All the data should be repeated exactly. Any image in it is left out.
═══ Source material ═══
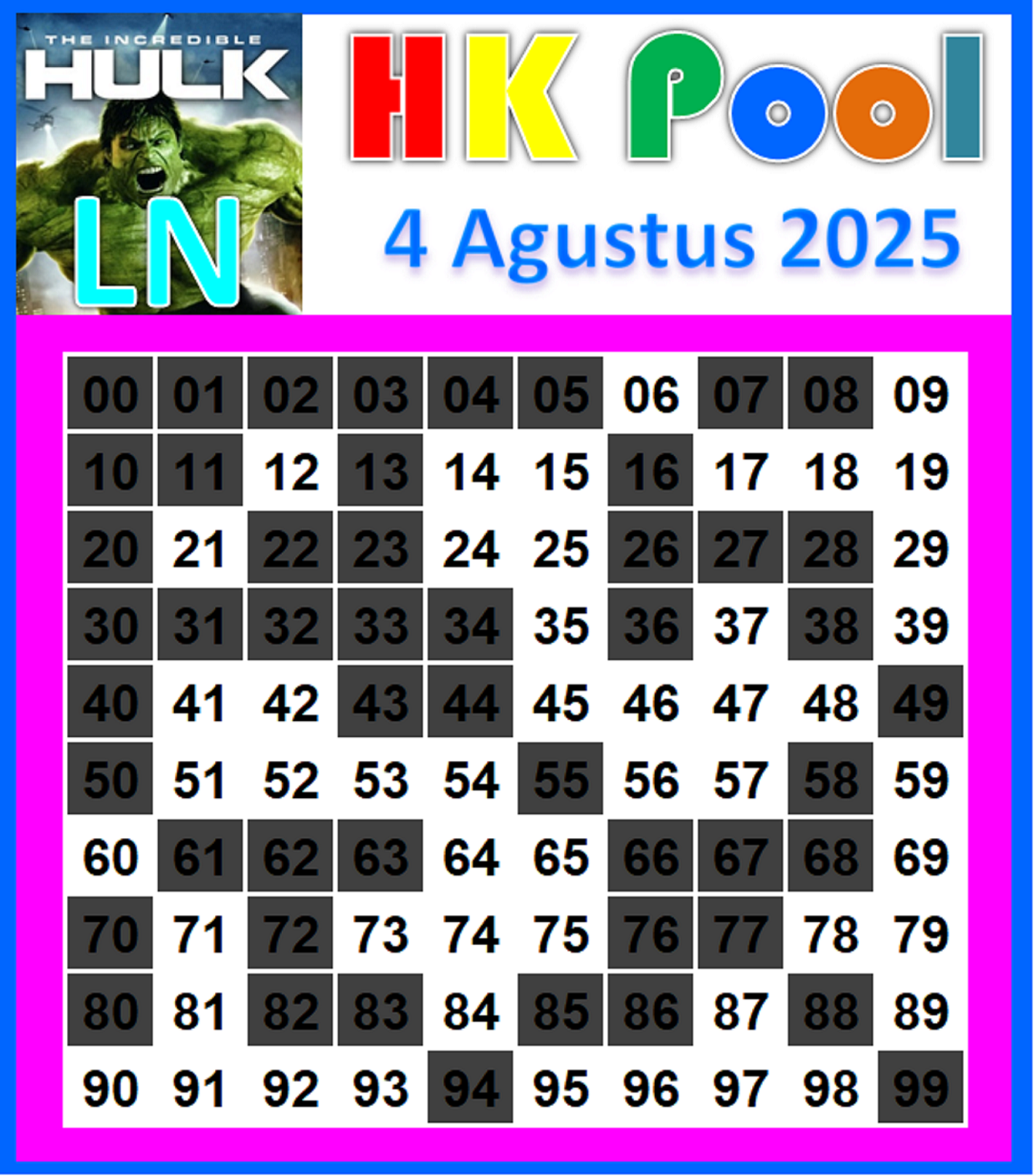 Prediksi HK Sabtu, 04-10-2025 Merupakan Prediksi Otomatis yang menggabungkan Metode Kalender Togel Dengan LN Generator yang akurasi prediksinya sudah kita ketahui bersama. Jadi harap Maklum Jika kadang meleset Prediksi HK kita. Jadikan ini sebagai perbandingan saja dan tetap Utamakan karya sendiri
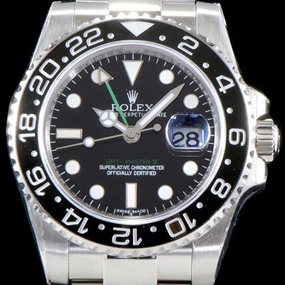 GMT-마스터II GMT-MasterII는 12시간을 기준으로 하는 일반적인 시,분,초 외에도 24시간용 시침 및 24시간이 음각으로 표시된 양방향 회전 베젤을 장착하고 있습니다.눈에 띄는 컬러로 표시된 24시간용 시침이 가리키는 베젤의 눈금을 통해 제 1시간대의"본국 시각"을 확인할 수 있습니다.여행지 현지 시각은 와인딩 크라운의 독창적인 메커니즘을 통해 매우 간편하게 조정됩니다.시침은 분침과 초침에 영향을 주지 않고 독립적으로 움직이기 때문에 정밀한 타임키핑에 영향을 미치지 않고 새로운 시간대를 적용할 수 있습니다. |
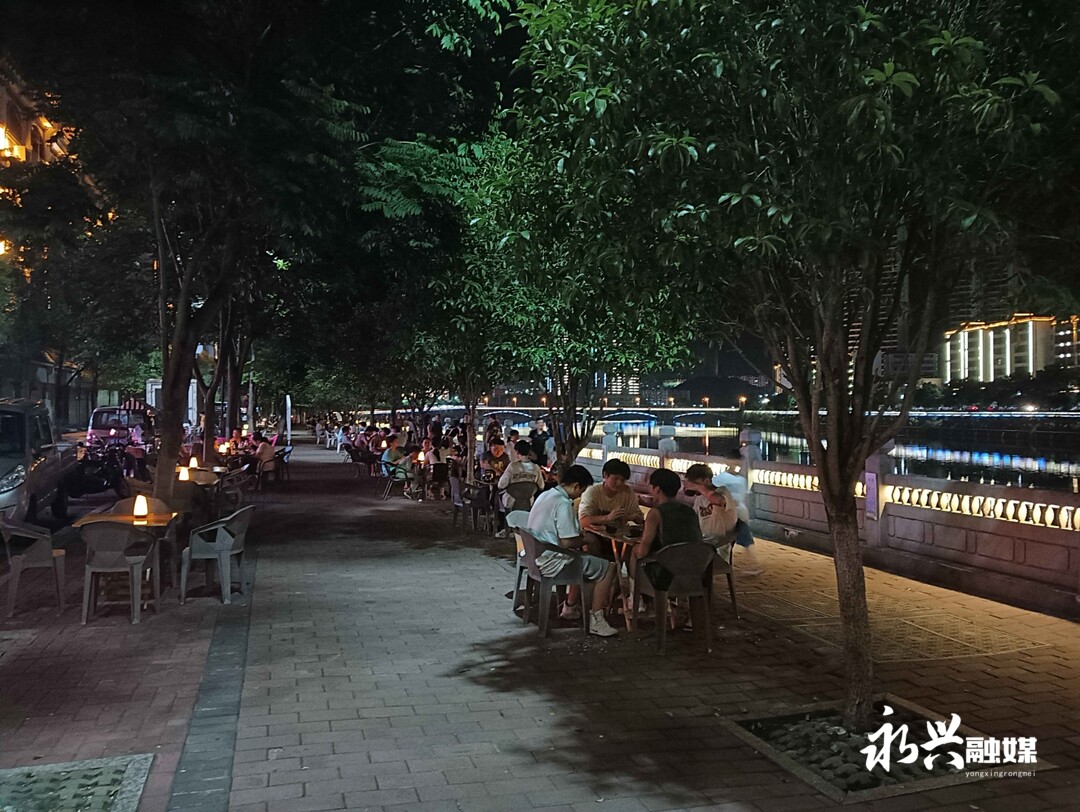 “河边非常凉快,来这里散步的人很多,河两岸灯光也非常漂亮,夜市广场做小生意的非常多,广场上每天晚上还有城管工作人员到这里值班,管理比较规范,卫生状况也相当不错。”一位姓刘的大爷每晚都会约三五好友来这里散步纳凉,对这里的环境赞不绝口。
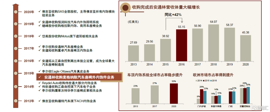 對標海外,行業巨頭整合帶來集中度大幅提升。由於內飾行業市場格局散亂、利潤率較低的特點,2012年開始國際零部件巨頭出於長期發展考慮,逐步剝離其內飾件業務,給予頭部內飾件供應廠商整合市場的契機,促成行業集中度的不斷提升。以安通林收購麥格納內飾件相關業務為例,整合完成後安通林整體收入規模實現大幅增長,內飾件市佔率得到進一步提升。
═══
_Response to this task:_
 Prediksi HK Sabtu, 04-10-2025 Merupakan Prediksi Otomatis yang menggabungkan Metode Kalender Togel Dengan LN Generator yang akurasi prediksinya sudah kita ketahui bersama. Jadi harap Maklum Jika kadang meleset Prediksi HK kita. Jadikan ini sebagai perbandingan saja dan tetap Utamakan karya sendiri
 GMT-마스터II GMT-MasterII는 12시간을 기준으로 하는 일반적인 시,분,초 외에도 24시간용 시침 및 24시간이 음각으로 표시된 양방향 회전 베젤을 장착하고 있습니다.눈에 띄는 컬러로 표시된 24시간용 시침이 가리키는 베젤의 눈금을 통해 제 1시간대의"본국 시각"을 확인할 수 있습니다.여행지 현지 시각은 와인딩 크라운의 독창적인 메커니즘을 통해 매우 간편하게 조정됩니다.시침은 분침과 초침에 영향을 주지 않고 독립적으로 움직이기 때문에 정밀한 타임키핑에 영향을 미치지 않고 새로운 시간대를 적용할 수 있습니다. |
 “河边非常凉快,来这里散步的人很多,河两岸灯光也非常漂亮,夜市广场做小生意的非常多,广场上每天晚上还有城管工作人员到这里值班,管理比较规范,卫生状况也相当不错。”一位姓刘的大爷每晚都会约三五好友来这里散步纳凉,对这里的环境赞不绝口。
 對標海外,行業巨頭整合帶來集中度大幅提升。由於內飾行業市場格局散亂、利潤率較低的特點,2012年開始國際零部件巨頭出於長期發展考慮,逐步剝離其內飾件業務,給予頭部內飾件供應廠商整合市場的契機,促成行業集中度的不斷提升。以安通林收購麥格納內飾件相關業務為例,整合完成後安通林整體收入規模實現大幅增長,內飾件市佔率得到進一步提升。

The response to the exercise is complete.